We have the same reason for confidence in God’s promises that the early church did. Even today, 2,000 years after the resurrection of Jesus, we don’t serve a God who could or might, we serve a God who did! This means every promise of God spoken over our lives—every promise of freedom, forgiveness, healing, strength or provision—isn’t a maybe or a hopefully, but a YES in Christ Jesus.
Question: What are some promises God has for us collectively? What are some promises God has for you individually? Which of His promises speaks the most into where you are in life right now? How can you embrace the YES that is yours in Christ Jesus?
There’s another thing Hebrews 11 tells us about Abraham and everyone else in the chapter.
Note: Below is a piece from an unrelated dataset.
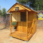 Our Play Houses come either as pallet louvre, new louvre, knotty pine or log cabins with sizes starting from 1.5m x 1.5m to big sizes made to specific customer requirements and all come standard with corrugated roof sheets.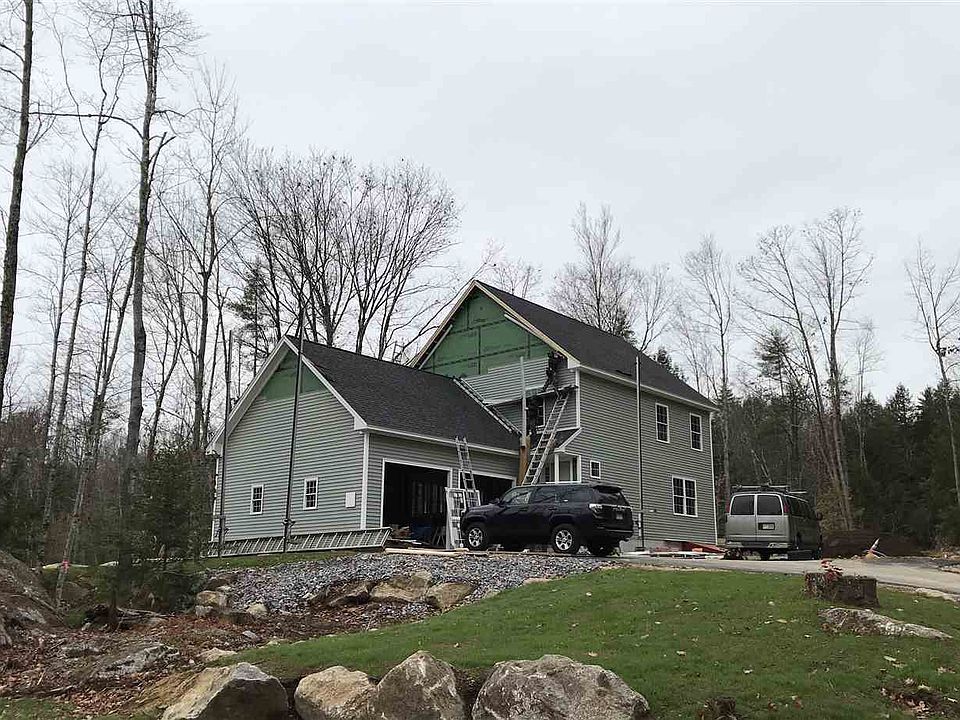 Awesome colonial plan w/ 3 bdrm, 2 garage set privately on wooded 7+ acres! Under construction, foundation, well, septic, driveway in, estimate completion end Jan. Awesome open living space looks 30 x 15+ looks out to 6 acres. First floor room which could be used as a den or potential bedroom. Custom built w/ buyers choices of finishes, colors, cabinets, flooring, lighting etc!! Brand new with super high energy efficiency, low property tax, low maintnenance, warranties! Location in south Weare for easy commute, yet with lots of woods and privacy. Kitchen and Living space is orientated towards the woods and rear for great privacy. Exterior: all low maintnenance finish, choice of colors, covered entryporch, private rear deck ( could add screen porch), landscaped around home, trails to the rear. Interrior: massive open concept kitchen, center island,custom cabinets, buyer choice on cabinets/ countertops, appliance allowance; large entry foyer; ist floor den/office/ whatever, 1/2 half bath. Second floor 3 spacious bedrooms, large closets, master w/ private bath & walk in closet, option to finish space over garage. Builder has built 100's of homes, great quaility brand new custom built ! Other lots available. Final plot plan /lot lines are subj to town approval of lot line adjustment. Awesome south Weare locaiton on quiet side road w/ excellent access south or north, travel about 20 minutes from Amoskeag bridge/manchester to woods & transquility! floorplan shown subj to changes

As much as Abraham saw God’s promises begin in his lifetime, he knew they wouldn’t be completed until eternity. As much as he was hungry to experience the fruit of God’s promise, he knew he wouldn’t get to experience all of that until God set this world right once and for all. Revelation 21 gives us a picture of what this world will look like when Jesus returns to set all things right:
“‘Look! God’s dwelling place is now among the people, and he will dwell with them. They will be his people and God himself will be with them and be their God. “He will wipe every tear from their eyes. There will be no more death” or mourning or crying or pain, for the old order of things has passed away.’ He [Jesus] who was seated on the throne said, ‘I am making everything new!’” (Revelation 21.3–5)
So while it is right for us to seek the promises of God right now, we should also know that what we experience of those promises right now pales in comparison to what we will experience in eternity.
Question: How does your view of time affect the promises God has for you? What do you think the fulfillment of God’s promises in eternity will be like?
“If we confess our sins, He is faithful and just and will forgive us our sins and purify us from all unrighteousness.”
Abraham held on to God’s impossible promises in impossible circumstances because he believed in a God of the impossible!
Our hope isn’t based on a God who can or might do great things but a God who did the greatest thing when His son Jesus died on a cross and then was raised to life three days later!